How do we show our power over others? By making them suffer.
That part is oversimplified, though not entirely wrong. Power is a drug: it addicts and corrupts and drives people mad. But the rich fucks don't just want to make the workers suffer for the sake of their suffering: they need to keep the workers in their place: cowed and silent and vying for a chance to lick the master's boot. To this end, they will fight, with all their considerable might, against any measure that could relieve the peons' insecurity.

Re: how ethical can you be based on self interest alone?

Posted: Sat Mar 15, 2014 1:31 am
by Impenitent
Blaggard wrote:
Impenitent wrote:ethical egoism is a perfectly legitimate system

-Imp
Sorry I am not stalking you imp but in what way is it legitimate, I am not a big fan of one line answers especially when they really don't answer the thread topic.
http://www.iep.utm.edu/egoism/

-Imp

Re: how ethical can you be based on self interest alone?

Posted: Sat Mar 15, 2014 3:19 pm
by Blaggard
Impenitent wrote:
Blaggard wrote:
Impenitent wrote:ethical egoism is a perfectly legitimate system

-Imp
Sorry I am not stalking you imp but in what way is it legitimate, I am not a big fan of one line answers especially when they really don't answer the thread topic.
http://www.iep.utm.edu/egoism/

-Imp
Yeah I know what it is was more hoping you would elaborate on what you said given the op.

Re: how ethical can you be based on self interest alone?

Posted: Sun Mar 16, 2014 4:06 am
by Impenitent
Blaggard wrote:
Impenitent wrote:
Blaggard wrote: Sorry I am not stalking you imp but in what way is it legitimate, I am not a big fan of one line answers especially when they really don't answer the thread topic.
http://www.iep.utm.edu/egoism/

-Imp
Yeah I know what it is was more hoping you would elaborate on what you said given the op.
how ethical can you be? you can be perfectly ethical based on self interest alone...

to say nothing of the problem of solipsism...

-Imp

Re: how ethical can you be based on self interest alone?

Posted: Sun Mar 16, 2014 4:18 pm
by Blaggard
I see and I also agree that it is possible although living such a life would probably make you deeply unpopular regardless of how ethical you were.

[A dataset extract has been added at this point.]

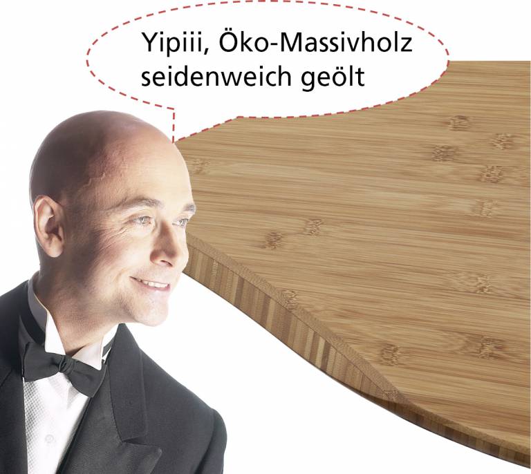 Usually you will learn very spontaneously, what kind of work quality and productivity in this office can be achieved and which are not. The advantage of a desktop in bamboo solid wood is in the sustainability and value, combined with an affordable price. The advantage for the entrepreneur is improved quality of work, mindfulness, and attractiveness. The advantage for the employee is appreciation and "feel good".

It's for that reason, the practical outweighs the philosophical, it's better to socially evolve than to devolve to the nature of an animal although that is unfair as obviously animals have no ethics they just have a survival instinct which may or may not be selfish and usually isn't in large numbers. Mind you at the extreme I've always found those who advocate a sort of anarchism based only around self interest ethical or not to be of little value to a social group any way, which is probably fine by them, although ronery. ;)

Ultimately I think the idea that we're all just selfish and egotistical automatons out to get what we can grab onto and hold with our own strength, is a pretty primative view of ethics and it's not hard to refute its moral values whether it's libertarian left/anarchism or collectivism or tea party style libertarian right, mind you those sort of advocates are just bat ferk insane though, there's no reasoning with that level of ignorance. ;)

End of the day and more on topic though the guy in the OP sounds like a complete dick and what he thinks is hardly ethical.

Re: how ethical can you be based on self interest alone?

Posted: Sun Mar 16, 2014 4:51 pm
by Skip
Ultimately I think the idea that we're all just selfish and egotistical automatons
Isn't that self-contradictory? An automaton doesn't have any feelings, selfish or otherwise: it simply does what it's programmed to do. Only a self-aware entity can be egotistical.... in which case, it can also have a lot of other complicated neurological processes, even altruistic ones.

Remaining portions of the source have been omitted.